The ordered probit model approach from Kruschke (Chap. 23 in DBDA) assumes there is an underlying latent normal random variable with unknown mean \mu and scale \sigma, which is chopped up into K based on K-1 fixed thresholds, denoted by \theta_1, \theta_2, \dots \theta_{K-1}, . Without loss of generality, the lowest and highest thresholds are fixed: \theta_1\equiv1.5 and \theta_{K-1}\equiv K - 0.5.

Here is a minimal example:

import numpy as np
import pymc3 as pm
import theano.tensor as tt

with pm.Model():

    K = 7 
    data = np.random.randint(K, size=100)

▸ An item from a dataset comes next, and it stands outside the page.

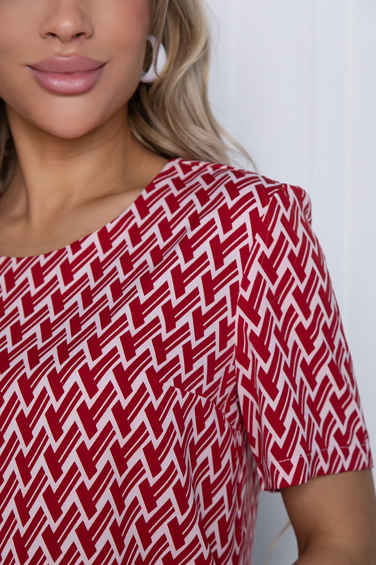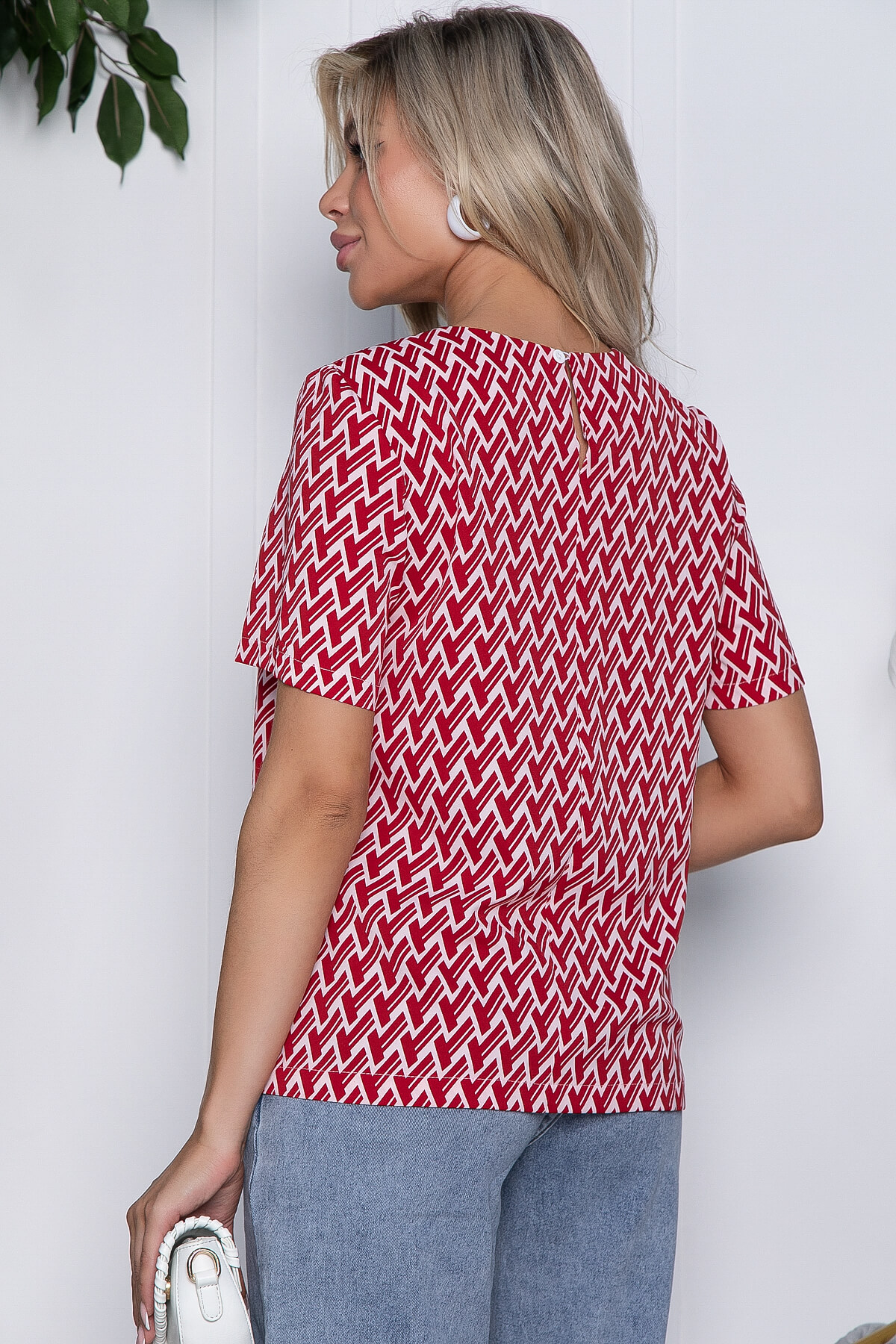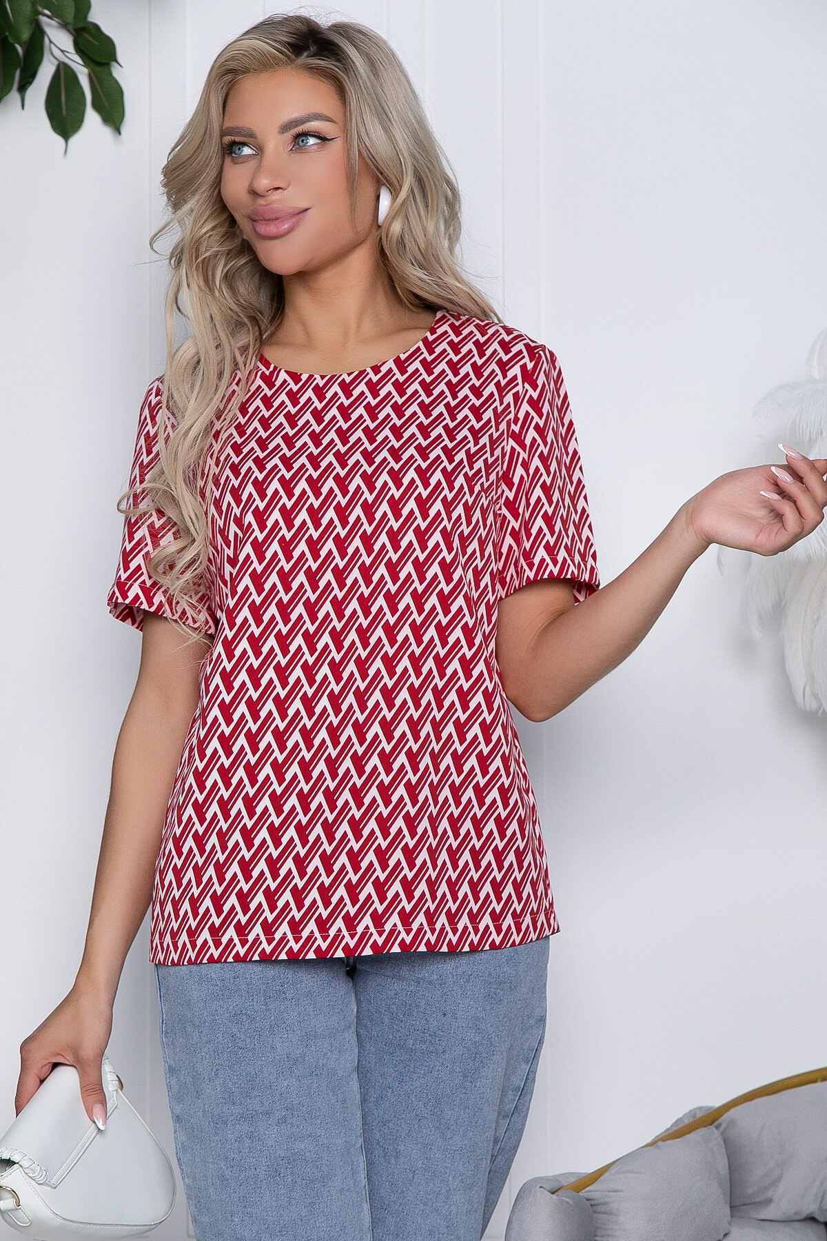 Лаконично и элегантно! Женская красная блузка с принтом и с короткими рукавами идеальна для лета.

    thresholds = np.linspace(1.5, K - .5, K - 1)
    obsthresh = np.ma.asarray(thresholds)
    obsthresh[1:-1] = np.ma.masked

    theta = pm.Normal("theta", mu=thresholds, sigma=K, shape=K, observed=obsthresh)
    theta = tt.concatenate([[-np.inf], theta, [np.inf]])

    mu = pm.Normal(name="mu", mu=(1 + K) / 2, sd=K)
    sig = pm.HalfCauchy(name="sig", beta=1)

    _p = 0.5 * (1 + pm.math.erf((theta - mu) / (sig * tt.sqrt(2))))
    p = _p[1:] - _p[0:-1]
    pm.Deterministic(name="p", var=p)

    # prior on data
    pm.Categorical(name='y', p=p, observed=data)

    trace = pm.sample(chains=2)  # adding `step=pm.Slice()` here fixe "bad initial energy"

This works nicely with slice sampling but not with NUTS, and I don’t know why. Two possibilities come to mind:

  1. There is an erf in the model.
  2. The lack of monotonicity constraint on the middle thresholds.

I can’t figure out if either or both of these are real problems. Any suggestions?